In anticipation to Will Carleton’s curation, we would like to share some of the photographs submitted demonstrating the commitment, talent, exploration of unseen or forgotten areas of society to advocate and advance social justice. An example of the work submitted are stories from the Democratic Republic of Congo by Justin Makangara and Arsene Mpiana, the work by Richard Zubelzu capturing the powerful sentiment for the liberation of women in Iran, the protests in Bolivia by Josue Cortez, the work by Encarni Pindado on the Search for Disappeared Persons allegedly killed by the cartel near Los Mochis, Mexico, the work of Sebastian Ambrossio documenting the various layers of Argentinian society, the impact of waste on the Guatemalan coastline with a focus on Livingston by @Maria Tomas Rodriguez and the coverage of one of the rallies in solidarity of Child Q, the fifteen-year-old strip-searched black girl, and all the black girls that are daily adultified and dehumanised in England by Sabrina Merolla. The Photojournalism Hub End of Year Instagram Showcase starts on the 21st December 2022. To view the entries and lean more join us HERE .

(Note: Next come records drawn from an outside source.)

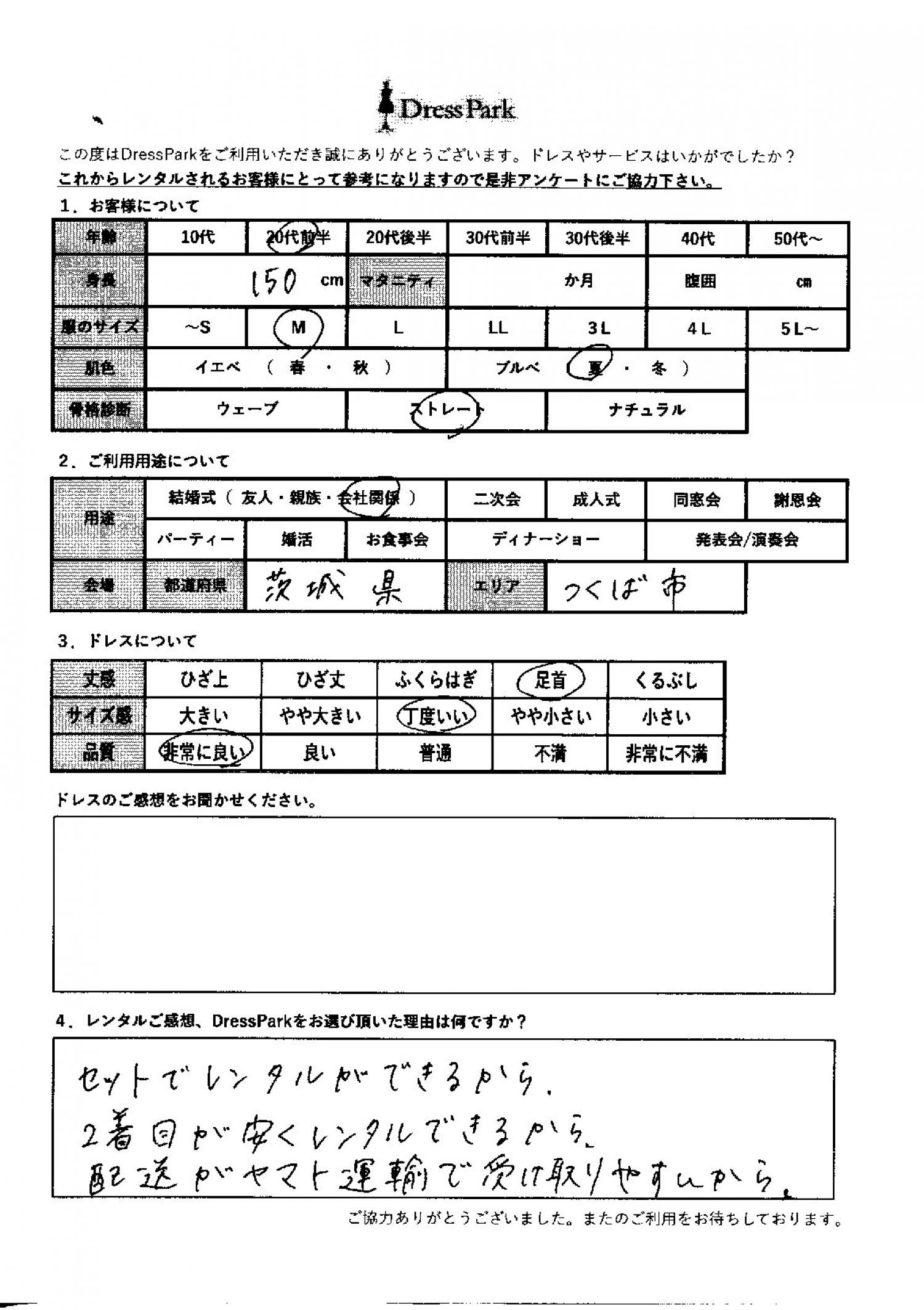茨城県 M.H様150㎝ Mサイズ #20代#M/L#150~154㎝#結婚式(会社関係)#茨城県 ◆レンタルしたドレスはこちら ◆レンタルしたサイズは:M ◆レンタルした日付:2025/11/23 ドレスの着用感 ◆点数: (5点) ◆丈感:足首 ◆サイズ感:丁度いい ◆品質:非常に良い ◆肌色:ブルべ ◆骨格診断:ストレート レンタルのご感想、DressParkをお選び頂いた理由 セットでレンタルができるから。2着目が安くレンタルできるから。配送がヤマト運輸で受け取りやすいから。 CUSTOMER REVIEWS お客様の声 気になるカテゴリー別にご利用の感想をチェック! ◆AGE 年代で見る 10代 20代 30代 40代 50代~ ◆SIZE サイズで見る SS/S M/L 大きいサイズLL~ ◆HIGHT 身長で見る 140~149㎝ 150~154㎝ 155~159㎝ 160~164㎝ 165~169㎝ 170㎝以上 ◆マタニティ ~3か月 4~6か月 7~8か月 9~10か月 ◆肌色 イエベ ブルべ ◆骨格診断 ウェーブ ストレート ナチュラル ◆利用シーン 結婚式(友人) 結婚式(親族) 結婚式(会社関係) 二次会 成人式 謝恩会 パーティー その他 CUSTOMER REVIEWS都道府県別お客様の声 都道府県別にのお客様の声をチェック! 北海道 青森県 岩手県 宮城県 秋田県 山形県 福島県 茨城県 栃木県 群馬県 埼玉県 千葉県 東京都 神奈川県 新潟県 富山県 石川県 福井県 山梨県 長野県 岐阜県 静岡県 愛知県 三重県 滋賀県 京都府 大阪府 兵庫県 奈良県 和歌山県 鳥取県 島根県 岡山県 広島県 山口県 徳島県 香川県 愛媛県 高知県 福岡県 佐賀県 長崎県 熊本県 大分県 宮崎県 鹿児島県 沖縄県 CUSTOMER REVIEWSエリア別お客様の声 都道府県別にのお客様の声をチェック! 札幌 仙台 名古屋 軽井沢 金沢 神戸・芦屋 博多 那覇 梅田・新大阪 難波・心斎橋 鎌倉・湘南 横浜・みなとみらい 舞浜・浦安・幕張 大宮・浦和 青山・表参道 六本木・麻布 渋谷・恵比寿 新宿 池袋 銀座・丸の内 お台場・汐留 鹿児島市 郡山市 福島市 東予 甲府・石和 LINEでお問い合わせ このサイトではJavaScriptを使用しています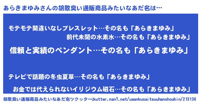 | 肩書あだ名 | 『あらきまゆみリーダー』 |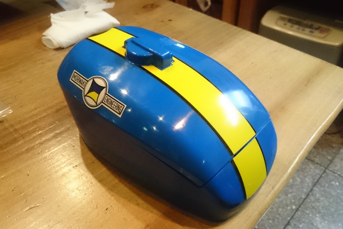 ここではバイクのタンクの形をしたケースにお弁当が入っています。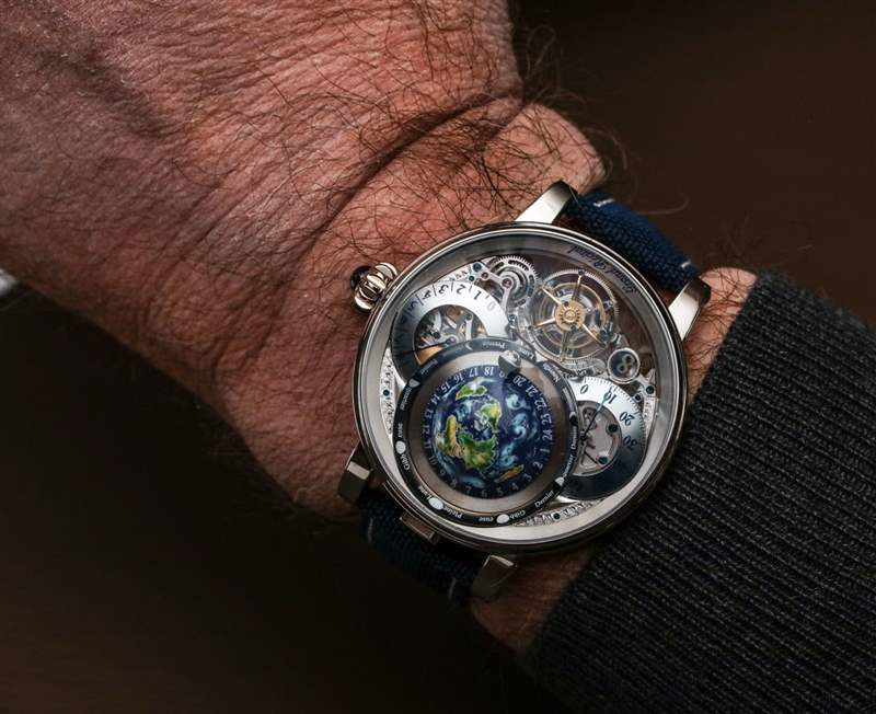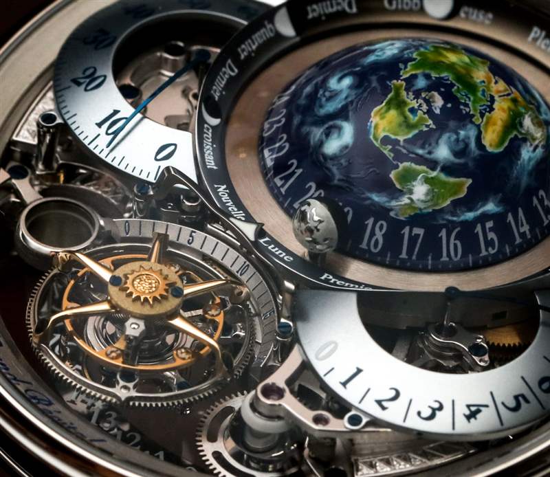 與其他同類時計的情況一樣,手表內部的機械機芯和表盤之間沒??有明顯的區別。兩者都連接在一起,因為刻度、刻度盤和其他指示器直接構建在機芯本身上。除此之外,播威 Récital 22 Grand Récital 還大量使用手工精加工、雕刻和繪畫。半成品的地球儀展示很漂亮,而且是手工精心繪制的。繪畫過程中使用的最好的視覺技巧是夜光琺瑯漆的應用。播威過去曾嘗試過這種類型的發光涂料,并取得了巨大成功。您可以在這篇文章中看到一些圖像,說明在 Récital 22 Grand Récital 的表面已適當地充入足夠的光線后,表盤上會在黑暗中發光。大多數具有這種傳統風格和復雜性的時計都沒有那種類型的“燈光顯示”來與它的主人分享。話雖如此,告訴時間的系統并不完全是發光的。手表僅以 24 小時格式顯示時間,小時是夜光的,但不是逆跳分針。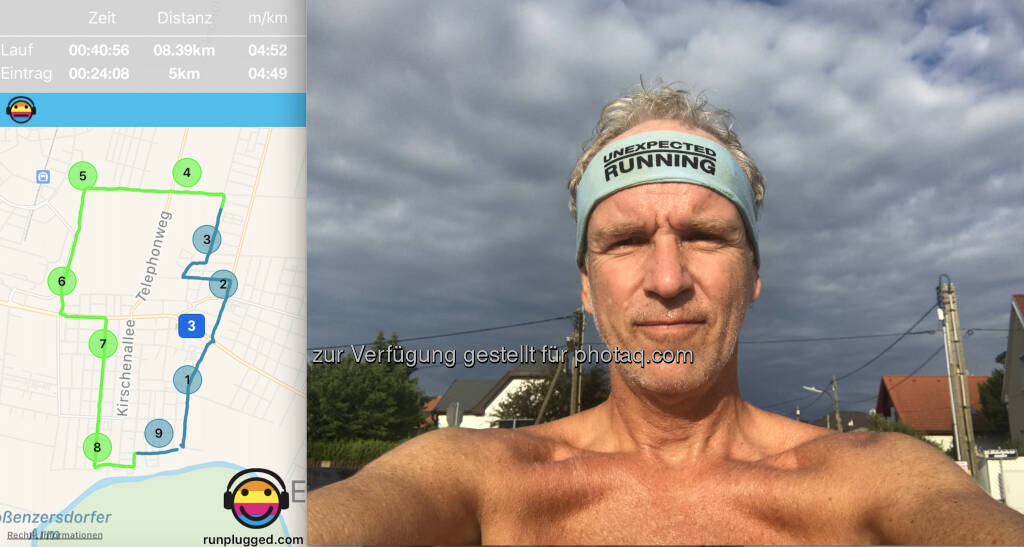 Das war unexpected schweisstreibend. Heute hat es den ganzen Tag geregnet und eigentlich fühlte es sich beim Weglaufen recht frisch an. Aber irgendwie dann doch schwül, so hab ich mir nach 3k das Shirt ausgezogen, dann ging es besser.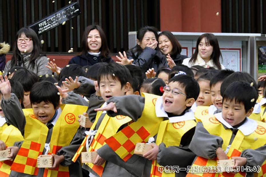 2月3日,日本首都东京,幼儿园小朋友们在“节分”的撒豆驱邪仪式上投掷大豆。图片来源:中国新闻网>>点击观看详细内容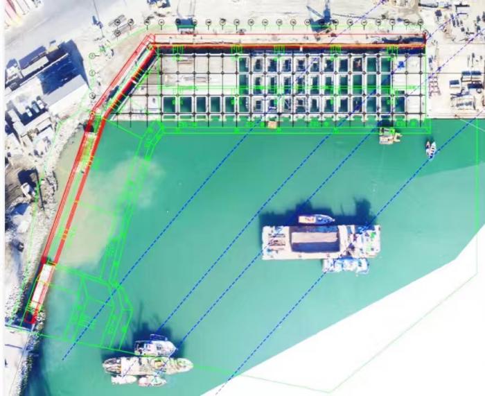 建于1911年、深埋水下的防波堤。中间两条蓝线是梯形防坡堤的上底,旁边两条蓝线是下底,覆盖了新开挖港池的大部分。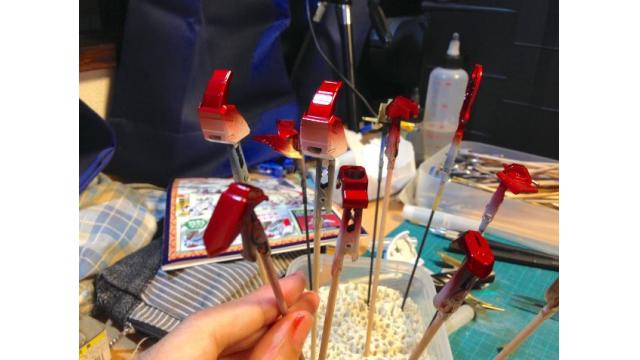 今日も曇りと雨で涼しい日だった。相変わらずプラモデルの作業がなかなか進まないので、1日1工程という具合に2時間程度の作業だけした。ゴールドに塗った後に上からクリアレッドを吹き付けた赤。依頼者が「こんな感じでやってください」と例に出したブログの作例に書いてあったので同じ方法をとった。このやり方自体は自...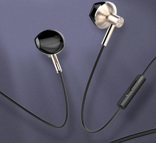 Drátová sluchátka s mikrofonem zaručí plynulé poslechové zážitky a pohodlnou hlasovou komunikaci. Disponují 13mm meniči s vysokým rozsahem poskytujícím čistý a bohatý zvuk nejvyšší kvality. Pomocí tenké membrány reprodukují i ty nejsložitější hudební skladby a zajišťují mnohovrstevnatý detailní a emotivní zvuk. Na samotném kabelu sluchátek se nachází ovládací panel se 3 tlačítky a také kvalitní mikrofon, který zajišťuje, že váš hlas bude během hovoru a vystavení nežádoucímu hluku přenášen s maximální čistotou. Sluchátka se připojují přes 3,5 mm jack.

Women for Iran/ Mujeres por Iran ©Richard Zubelzu
Ms. Sylvie, a resident of Kananga, Democratic Republic of Congo, poses in front of a colonial building that was used for various purposes, including as a housing camp for teachers of a school dating from the colonial era. ©Justin Makangara
In a world where the debate on identities is problematic, there is reason to dwell on the question. “Passport” explores the duality of attitudes adopted by certain individuals who, taking advantage of this travel document,
change their identity each time, who, taking advantage of this travel document, change their identity each time. It is a question of questioning the influences that people undergo (from the glance of the society) when they want to show themselves especially in public, far from any authentic idea. Inspired at the height of the new coronavirus pandemic, this work is to be seen as a quest for lost, forgotten or simply, defeated identity. ©Arsene Mpiana Monkwe
Patricia Flores along with prosecutors, authorities and the Sinaloa Regional Commission for the Search for Disappeared Persons watch as her son digs up the remains of a person in a field allegedly used by the cartel to kill and disappear people near Los Mochis. Photo: © Encarni Pindado for The Sunday Times
 A cocalero returns a tear gas grenade against riot police during the conflict in the Villa El Carmen area. (Peace)
The conflict has escalated between the government and the cocaleros due to the existence of an illegal market parallel to that of their institution. La Paz, Bolivia on August 10, 2022. ©JOSUE CORTEZ
“Oración a Forastero” (Prayer to a Stranger) 2022, Una mujer reza la Oración al señor de los milagros de Mailín frente a la imagen de la virgen en la parte de atrás del altar del Santuario de la Virgen del Rosario de San Nicolás. 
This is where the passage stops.